USU Brigham City
- Type: Public
- Established: 1984
- Parent institution: Utah State University
- Location: Brigham City, Utah, U.S.
- Campus: Statewide Campus;
- Website: statewide.usu.edu/brighamcity/

= Utah State University-Brigham City =

Utah State University Brigham City is part of the Utah State University Statewide Campuses located in Brigham City, Utah. As part of USU’s statewide system, USU Brigham City offers  more than 30 bachelor’s degrees, 26 master’s and three doctorates, as well as a variety of certificate, licensure, and endorsement programs.

==History==
USU Brigham City opened in the Box Elder County Courthouse in 1984. In 1991, the campus moved to a store-front in an abandoned strip mall. After undergoing several renovations and expansions, the 120,000-square-foot (11,000 m2) Milton P. Miller building now offers a bookstore, child care center, laboratories, computer lab, classrooms, and student lounge. In December 2010, the Utah State Board of Regents approved the purchase of property to expand the campus. Since an additional 40-acres of the former, dilapidated, Intermountain Indian School have been acquired.

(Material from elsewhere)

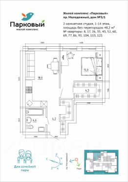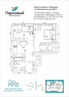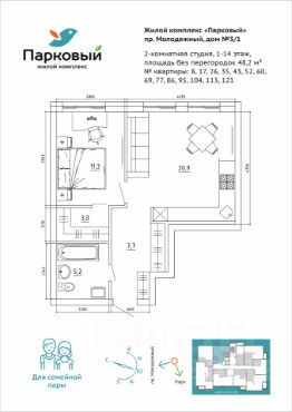 Продается 2-комнатная квартира свободной планировки в новом ЖК "Парковый"!

In 2021, USU announced official land acknowledgments for each campus, including Brigham City’s, which reads: “We recognize Utah State University Brigham City resides on the ancestral, traditional, and contemporary lands of the Northwestern Band of the Shoshone Nation. In offering this land acknowledgment, we affirm Indigenous sovereignty, history, and experiences.”

==Delivery==
As a USU Statewide Campus, there are four options for course delivery:

Online

Students take courses online at their own pace during the traditional semester schedule. Assignments, discussion, and other communication take place online. Classes do not meet on a regular basis. Bachelor's degrees available online include agribusiness, family life studies, and psychology. Master's Degrees available online include English and instructional technology.

Hybrid

Courses are delivered online, but students are usually required to participate in-person at set times. This allows for streaming video and live chat with other students and the instructor in real-time. Hybrid bachelor's degrees available include Elementary Education and Family, Consumer, & Human Development. Hybrid master's degrees include Engineering and Rehabilitation Counseling.

Broadcast

Interactive Video Conferencing (IVC) courses are interactive classes taught in a classroom and broadcast to various locations throughout the state of Utah. Additional classrooms are able to watch video in real-time of the instructor as they teach. Through microphones and camera systems, students in remote sites are able to ask and answer questions and make comments that the instructor is able to answer for all students. Most degrees available on USU’s Statewide Campuses are taught using IVC.

Face-to-Face

These are in-person, traditional higher education courses. Students attend classes and are taught by instructors face-to-face.